Down we go. Straight’s no ordinary evangelist. He wears a denim shirt and black slacks, a large-shouldered man at ease in the space among others his broad back affords. He slicks his graying hair back, but he’s not slick. He doesn’t so much take the stage as drift toward its center. He has no notes. He’ll speak, or not speak, as the spirit leads. He paces, not speaking, one hand in a pocket. “I’m one of those guys you probably don’t know,” he murmurs. “I’ve always worked in the shadows, and”—a pause, long enough to let us know he doesn’t care if we believe him—“I’ve done a lot of things. I travel all over the world and”—pause—“I’ve done a lot of missions.” He says he’s served Trump under three executive orders, that Trump “looked at me right in the eye and said, ‘I’ve done everything I can. It’s up to you to be hard on your people.’ ” Us. Straight says Trump told him to show us “ ‘how to have power.’ ” He says he leads a secret team under Melania that just arrested 95 child traffickers.
The congregation cheers. “Booyah!” somebody hollers.
“Under President Trump,” he continues, “we arrested 15,000.”
“Glory to God!”
“Dominoes are falling,” stays Straight.
“C’mon!” shouts Pastor Dave, urging them to topple.
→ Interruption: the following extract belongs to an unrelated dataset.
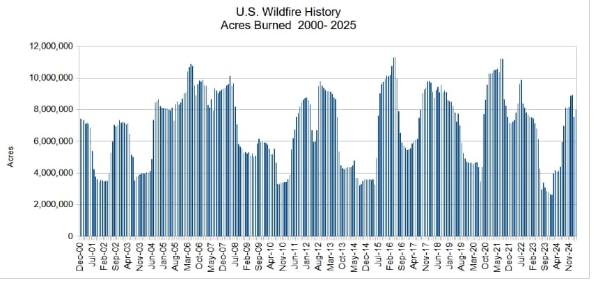 To be sure, the period of late summer 2020 to early 2023 was pretty active with high-profile California fires, but there were periods of similar activity earlier in the century.
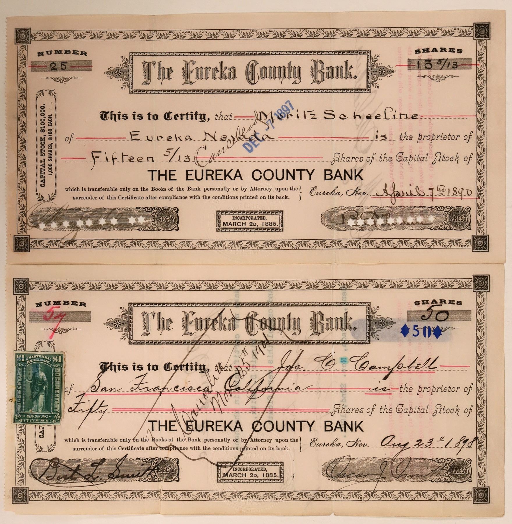 The Eureka County Bank was incorporated on February 23, 1885 by Messrs M. D. Foley, R. K. Morrison, B. Gilman, W. E. Griffin and Mr. Daniel Myer of San Francisco. Its capital stock was one hundred thousand dollars and its first officers and directors were M. D. Foley president, R. K. Morrison vice president, H. T. Hoadley cashier, and W. E. Griffin assistant cashier. Wren in his history of Nevada says, "The bank has done a general banking business and has been the foundation upon which many of the business enterprises of the vicinity have depended." "...which has been the strong fortress of the commercial and financial activity of Eureka county and by its honorable business methods and sound conduct has won the confidence of the business element of the county and the state has had a successful existence for nearly twenty years and has throughout this period been under the control of men of highest financial integrity and reliability."The Eureka County Bank opened a branch in Elko around 1903. In 1905 the First National Bank of Elko took over the Elko operations.

“Word up, Lord!” calls a believer.
Hillary, we learn, has secretly already been executed. You’ve seen her since? Green screens. There are, we learn, two United States: the one that “lives in our hearts” and the wicked one in Washington. Trump’s not only still president of the real one, he’s the 19th president, because most of the others since Lincoln, including Honest Abe, were illegal. Will Straight lose them here? No—Straight’s in the Word, which is like speaking in tongues, based not on reason but on the faith that there’s meaning even in—especially in—that which at first seems strange. Trump, Straight coos, “is the commander in chief of the military right now.” Yes, Lord! “He has not turned over the football.” The nuclear codes. That’s right, says the congregation. Amen!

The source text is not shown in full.